Understand what mapping means in accounting, how it connects subledger data to your general ledger, and how Parabola automates account mapping and reconciliation.

An example Parabola Flow.

Mapping in accounting refers to the process of connecting data fields or accounts from one financial system to another—typically linking subledger transactions to general ledger accounts. It ensures consistency across financial statements, reporting tools, and compliance workflows.

Without a clear mapping structure, finance teams risk misclassifying transactions, duplicating entries, or missing balances during reconciliation.

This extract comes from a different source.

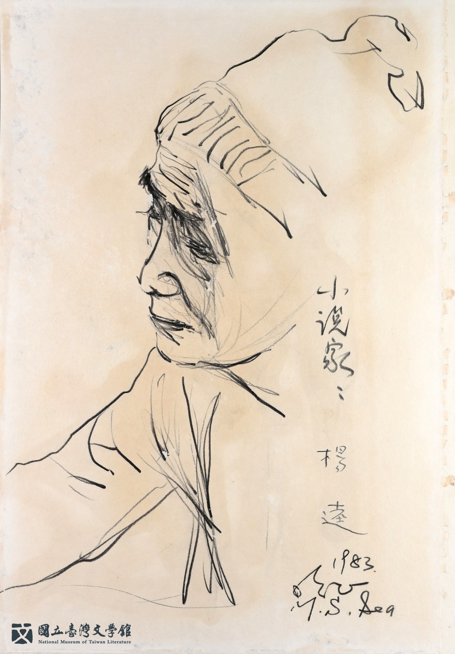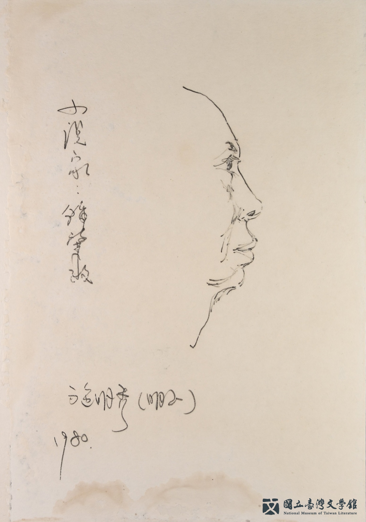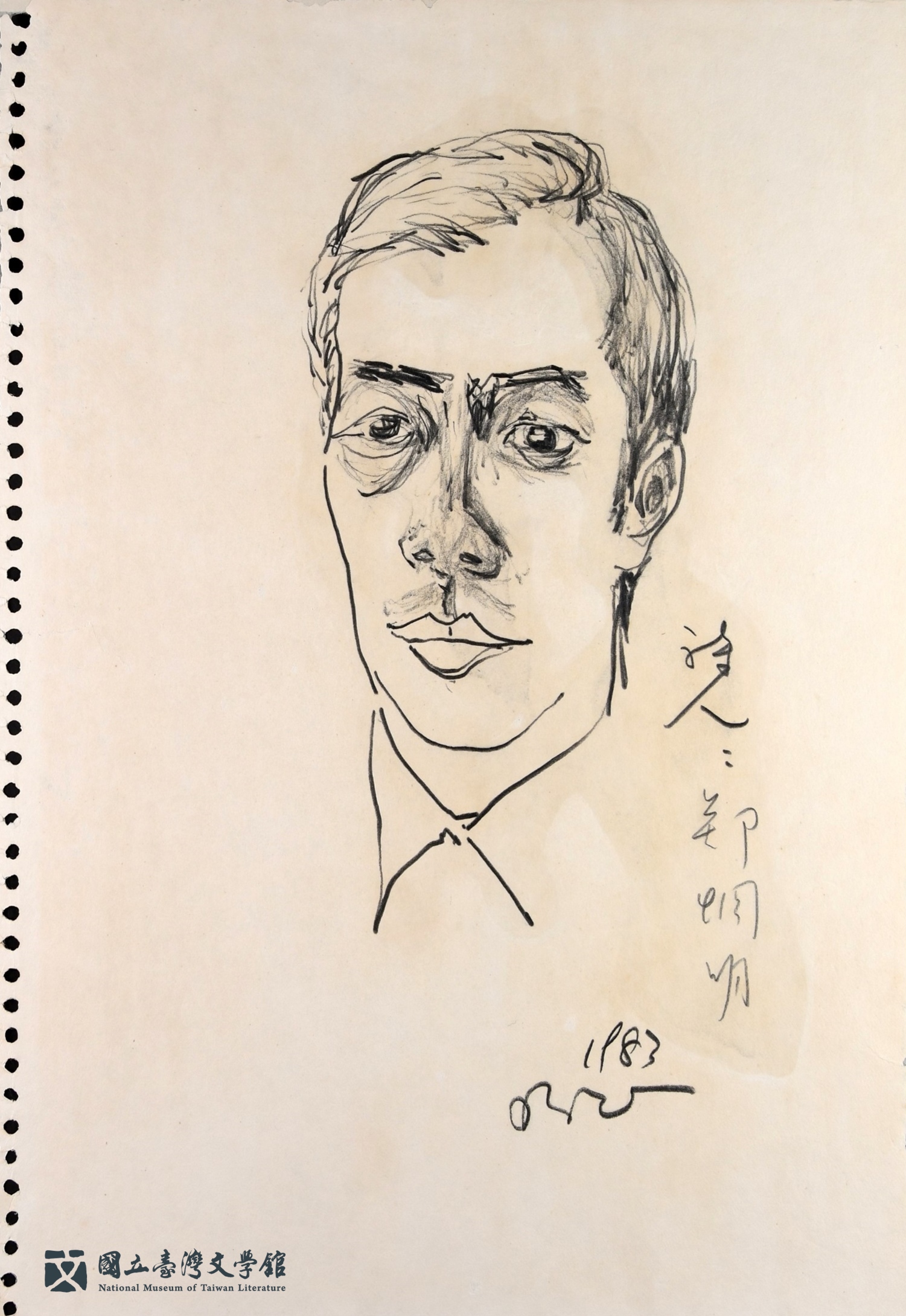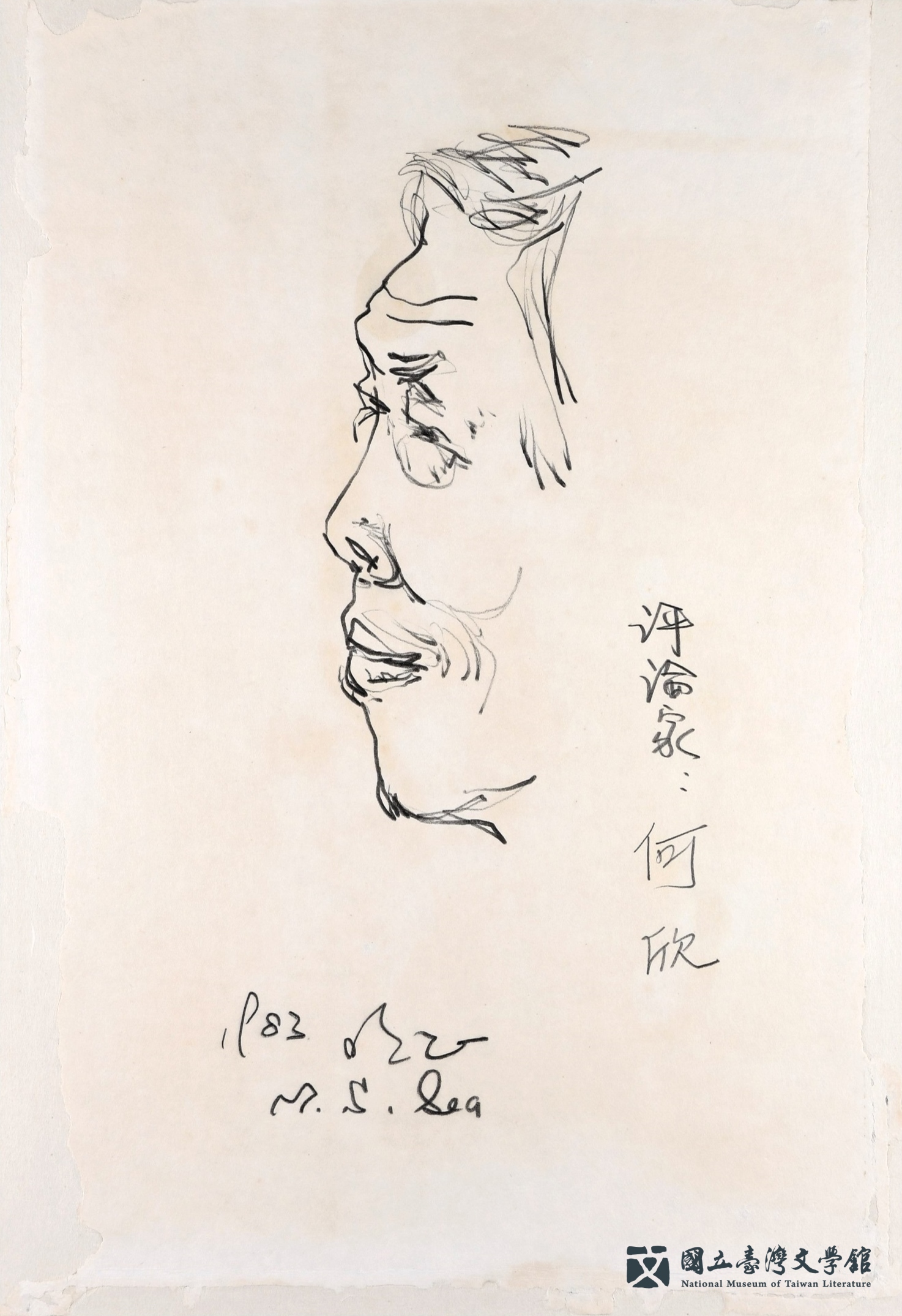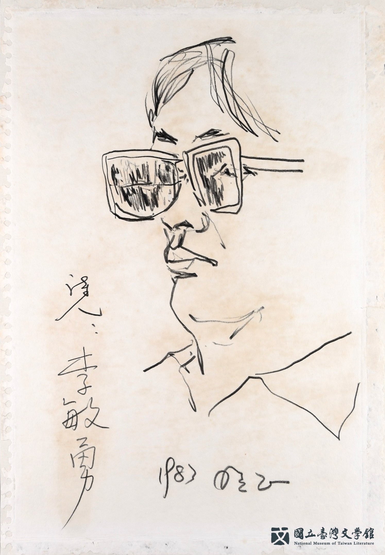 臺文館典藏來自鍾理和紀念館提供的19件施明正創作的人物速寫,為1979年鍾理和紀念館成立開館之初,受許多作家、畫家的支持,包括施明正,亦完成了數十幅的作家速寫,框裱後供紀念館陳列。

How Mapping Works in Accounting

  1. Define data relationships: Determine how each field or account in a source system corresponds to your GL or reporting structure.
  2. Build a mapping table: Create a crosswalk or lookup sheet linking each subledger code to a GL account.
  3. Validate logic: Confirm that mappings produce balanced journal entries and accurate reporting.
  4. Automate application: Apply mapping logic automatically when importing or consolidating data from different sources.

Mapping is fundamental for ensuring your financial data flows smoothly between systems, especially during consolidations, audits, or ERP migrations.

How It’s Done With Parabola

Parabola enables accounting teams to automate mapping between systems with no code.

You can import data from your ERP, subledger, or CSV exports; merge them with a master mapping table; and standardize account codes automatically.

This automation not only speeds up the month-end close but also ensures every dataset aligns with your financial reporting structure.